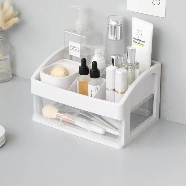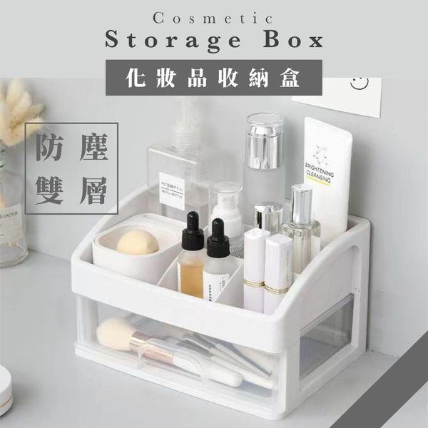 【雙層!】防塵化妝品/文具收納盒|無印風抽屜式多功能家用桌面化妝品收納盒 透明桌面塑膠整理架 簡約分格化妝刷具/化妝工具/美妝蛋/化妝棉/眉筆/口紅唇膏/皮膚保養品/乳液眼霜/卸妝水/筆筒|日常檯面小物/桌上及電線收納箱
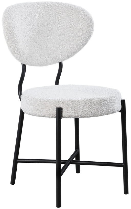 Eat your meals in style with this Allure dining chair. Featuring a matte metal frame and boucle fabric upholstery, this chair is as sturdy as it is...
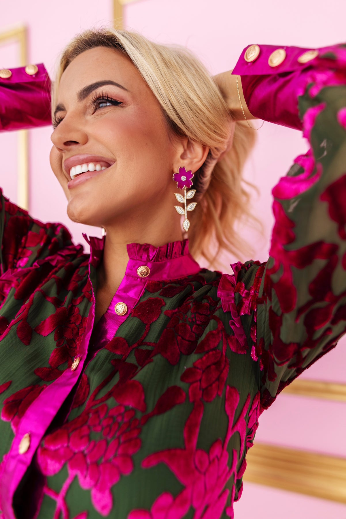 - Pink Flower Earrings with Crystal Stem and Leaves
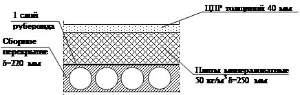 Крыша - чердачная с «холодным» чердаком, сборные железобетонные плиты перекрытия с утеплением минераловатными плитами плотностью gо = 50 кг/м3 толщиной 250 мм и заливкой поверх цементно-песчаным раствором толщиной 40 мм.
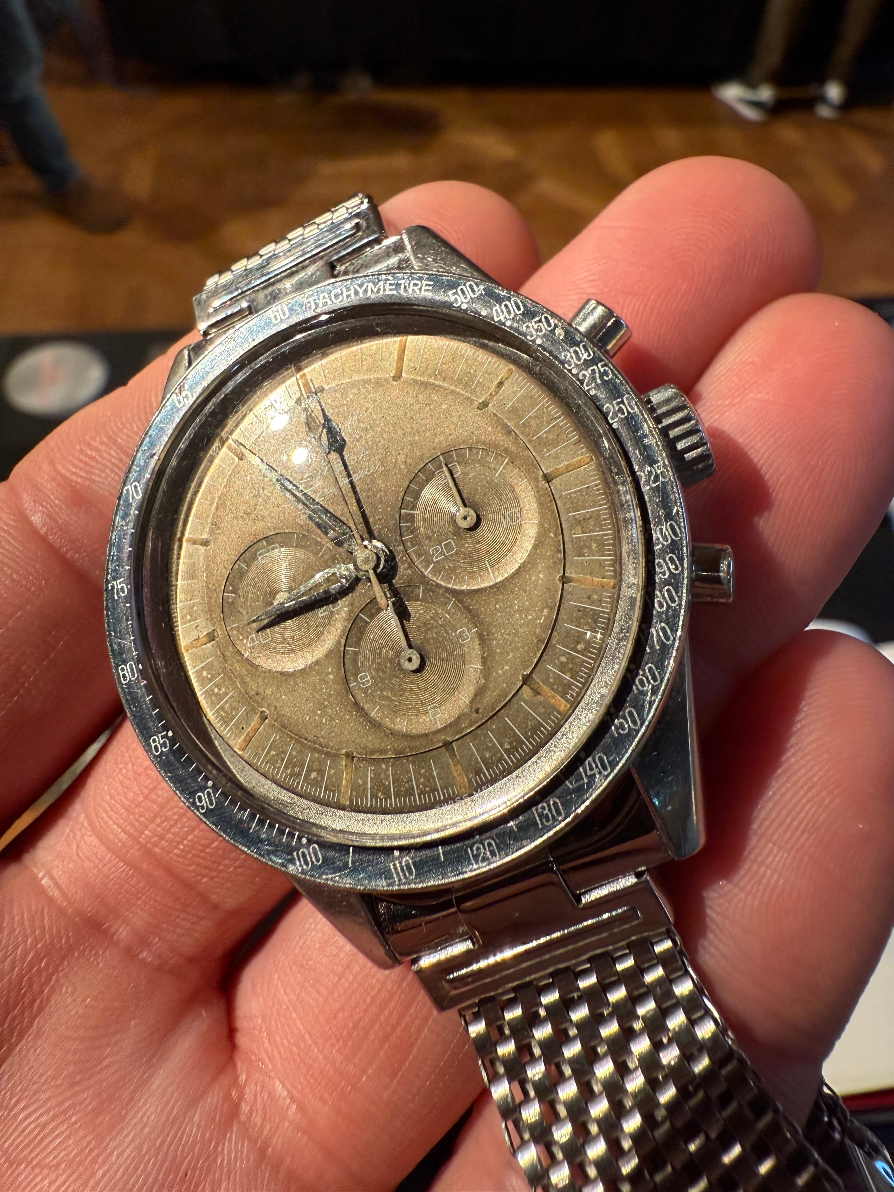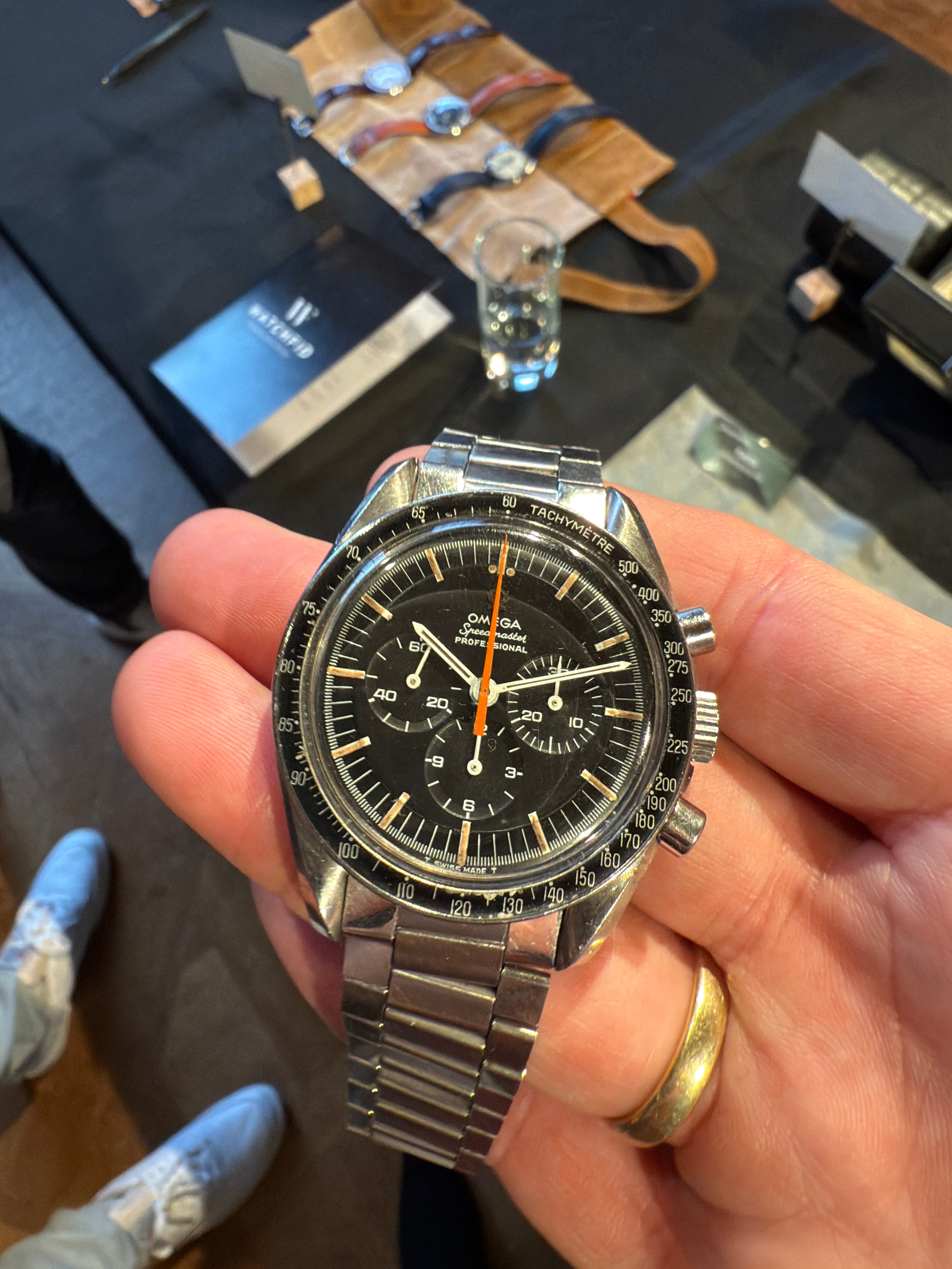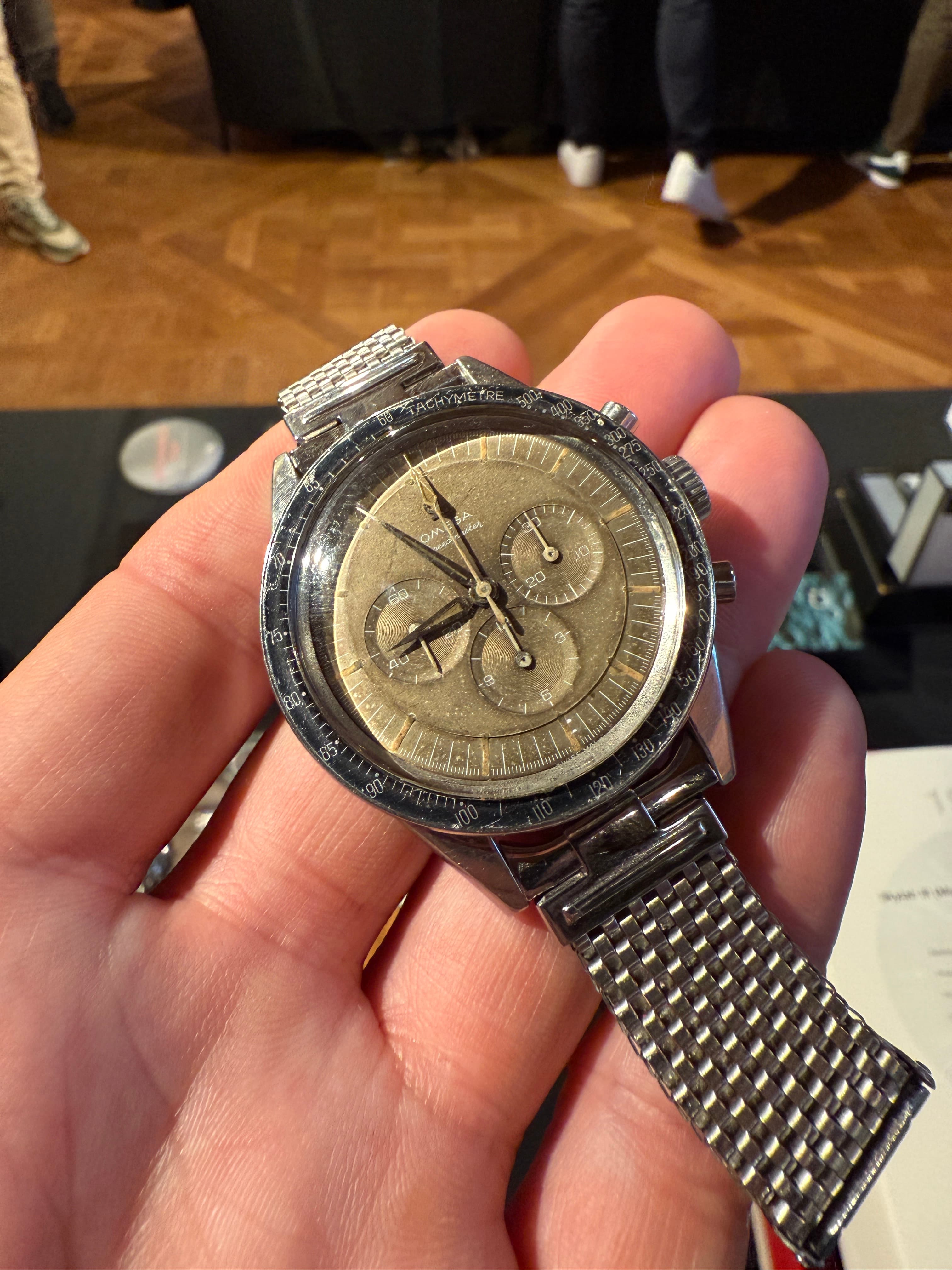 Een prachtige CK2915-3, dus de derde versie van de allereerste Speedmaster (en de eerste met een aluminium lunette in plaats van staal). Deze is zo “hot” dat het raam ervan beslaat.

==

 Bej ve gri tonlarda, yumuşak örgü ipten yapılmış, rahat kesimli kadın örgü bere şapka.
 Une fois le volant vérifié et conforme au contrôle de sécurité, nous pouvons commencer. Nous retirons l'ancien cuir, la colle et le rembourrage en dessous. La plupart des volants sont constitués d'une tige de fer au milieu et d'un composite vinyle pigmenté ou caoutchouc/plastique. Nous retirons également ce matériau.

_Your instructions_
Reproduce exactly the lines of the data above that run from the line with "Крыша - чердачная" down to the line with "Een prachtige CK2915-3, dus", both ends included. Pictures do not belong in the copy.

_Solution for this problem_
 Крыша - чердачная с «холодным» чердаком, сборные железобетонные плиты перекрытия с утеплением минераловатными плитами плотностью gо = 50 кг/м3 толщиной 250 мм и заливкой поверх цементно-песчаным раствором толщиной 40 мм.
 Een prachtige CK2915-3, dus de derde versie van de allereerste Speedmaster (en de eerste met een aluminium lunette in plaats van staal). Deze is zo “hot” dat het raam ervan beslaat.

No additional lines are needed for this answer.